__Work instruction__: Starting at the line below that contains "جندي تايواني يتدرب" and ending at the line that contains "Kreatywna wyklejanka to", retype each line exactly as it stands, but omit the pictures.

__Exercise data__:
== Segment start ==

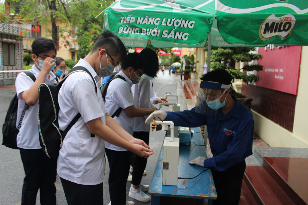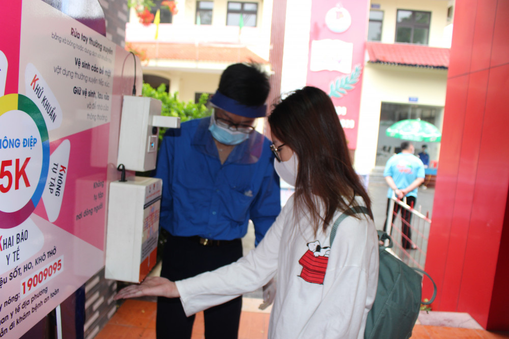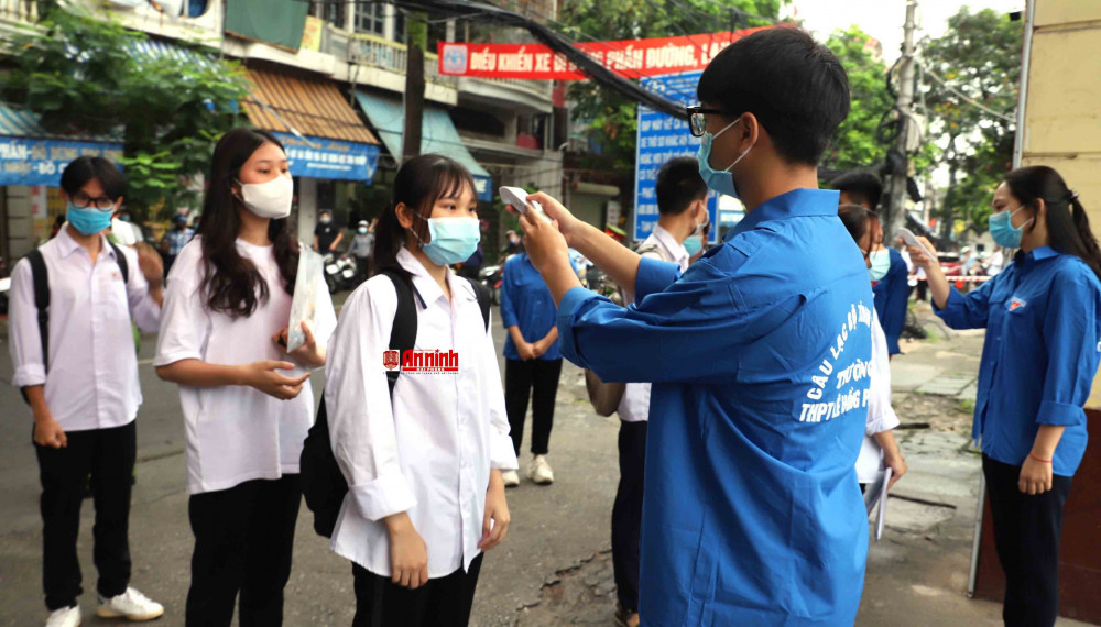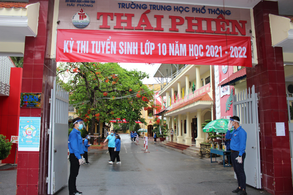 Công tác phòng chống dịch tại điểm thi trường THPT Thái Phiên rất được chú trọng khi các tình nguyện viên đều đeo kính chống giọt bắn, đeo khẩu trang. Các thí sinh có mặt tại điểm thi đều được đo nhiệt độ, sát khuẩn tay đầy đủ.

== Segment end ==
== Segment start ==

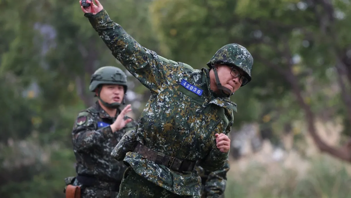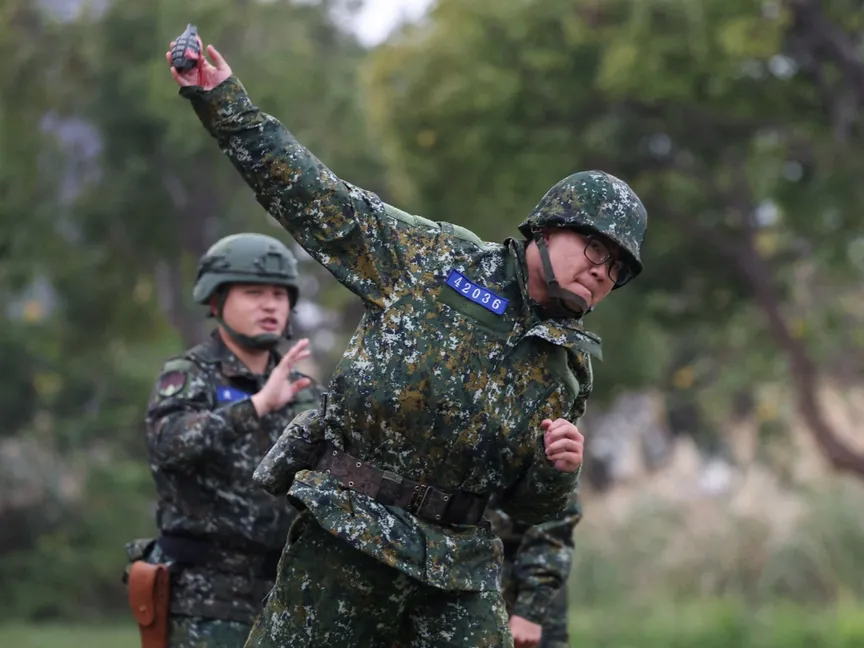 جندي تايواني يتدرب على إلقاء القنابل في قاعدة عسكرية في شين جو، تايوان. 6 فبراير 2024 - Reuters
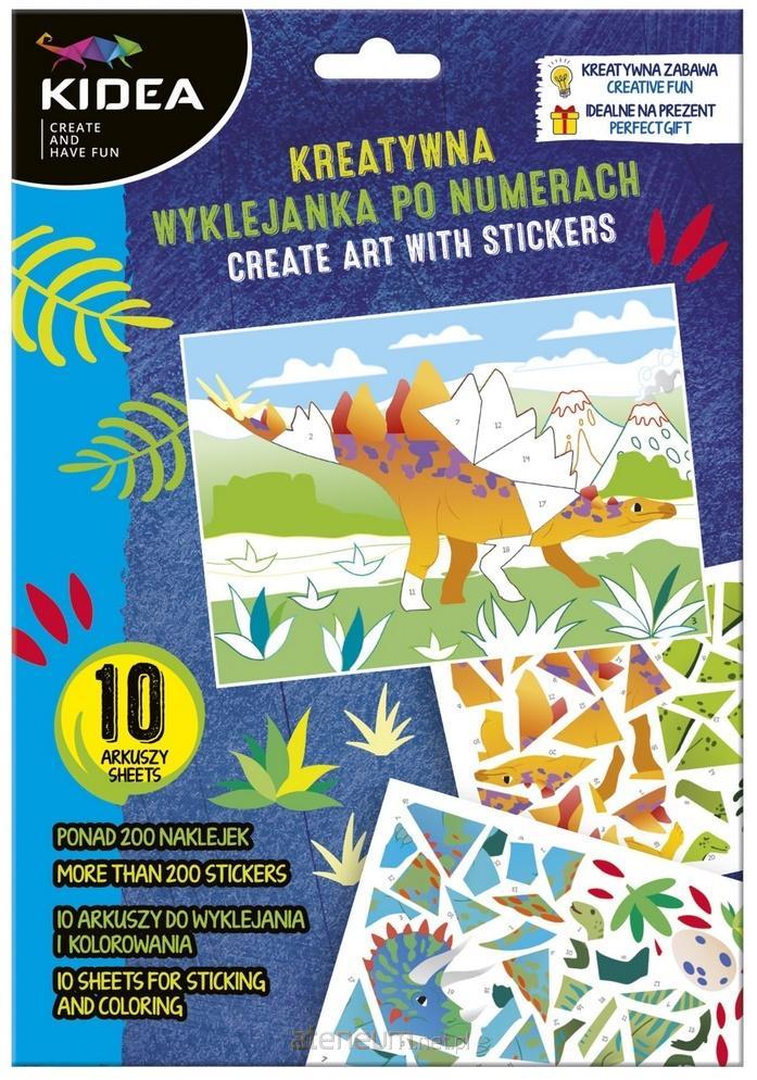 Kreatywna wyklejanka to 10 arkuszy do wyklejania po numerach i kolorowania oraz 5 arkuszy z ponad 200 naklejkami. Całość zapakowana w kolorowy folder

== Segment end ==

__Result for this task__:
 جندي تايواني يتدرب على إلقاء القنابل في قاعدة عسكرية في شين جو، تايوان. 6 فبراير 2024 - Reuters
 Kreatywna wyklejanka to 10 arkuszy do wyklejania po numerach i kolorowania oraz 5 arkuszy z ponad 200 naklejkami. Całość zapakowana w kolorowy folder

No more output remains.